By any standards that's an extraordinarily unfortunate run. A relentless, combative driver, Alonso, having qualified third at Silverstone in a car beaten only by the Red Bulls, will have fancied his chances of blowing Hamilton away given a decent start. After all he did so convincingly in the same car when they were McLaren team-mates in '07, much to his satisfaction. Even with the start he did have, he should have finished third.

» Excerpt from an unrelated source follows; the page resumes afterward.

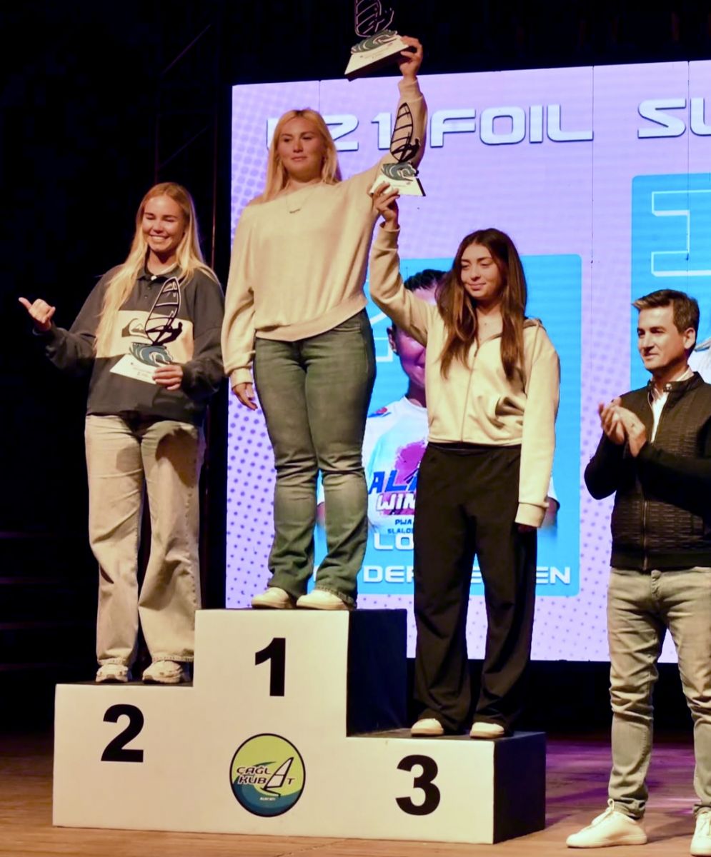 Türkiye Yelken Federasyonu, Çağla Kubat Windsurf Yelken Kulübü ve Çeşme Belediyesi iş birliği ile Signify ve AXA Sigorta sponsorluğunda düzenlenen Alaçatı Windfest 2025, PWA Youth & Junior Slalom Cup Şampiyonası ödül törenine; Çeşme Kaymakamı Mehmet Maraşlı, Çeşme Belediye Başkanı Lâl Denizli, TYF Başkanı Özlem Akdurak, Çeşme İlçe Gençlik ve Spor Müdürü Nuri Büyükateş, Çeşme Belediyesi Spor İşleri Müdürü Yavuz Yaşar, Alaçatı Turizm Derneği Başkanı Kerem Ünsal, sponsor firmaların temsilcileri, sporcular ve aileleri katıldı.

Perhaps he got his comeuppance last Sunday for quietly singing, "Bye, bye, go home, bye, bye, go home..." in the direction of the main grandstand crowd last Saturday after Hamilton and Button could only qualify fourth and 14th respectively.

Fernando Alonso © LAT
It was just a bit of humour but it was picked up by the TV mikes and in the following day's News of the World there was an especially sneery-looking Fernando under the headline: "Alonso taunts Brit fans."
When you forget all the hoopla and look at the championship table, it is currently led by Lewis Hamilton with 145 points. Alonso is fifth with 98. There are such fine margins in F1 that if things had worked out in any way reasonably for Fernando over the past three races, he would be sitting there with 137 points and Hamilton would have 135.
Which is why, with nine races remaining, it would be unreasonable to expect Alonso's season to continue in similar vein. And why, with civil war at Red Bull and the McLaren pair split by just 12 points – one fourth place these days – it would be wrong to write Alonso out of the championship equation.
He may be 47 points behind, but that's just two wins in today's money. And, there's little doubt where Ferrari's principal effort will go during the championship run-in.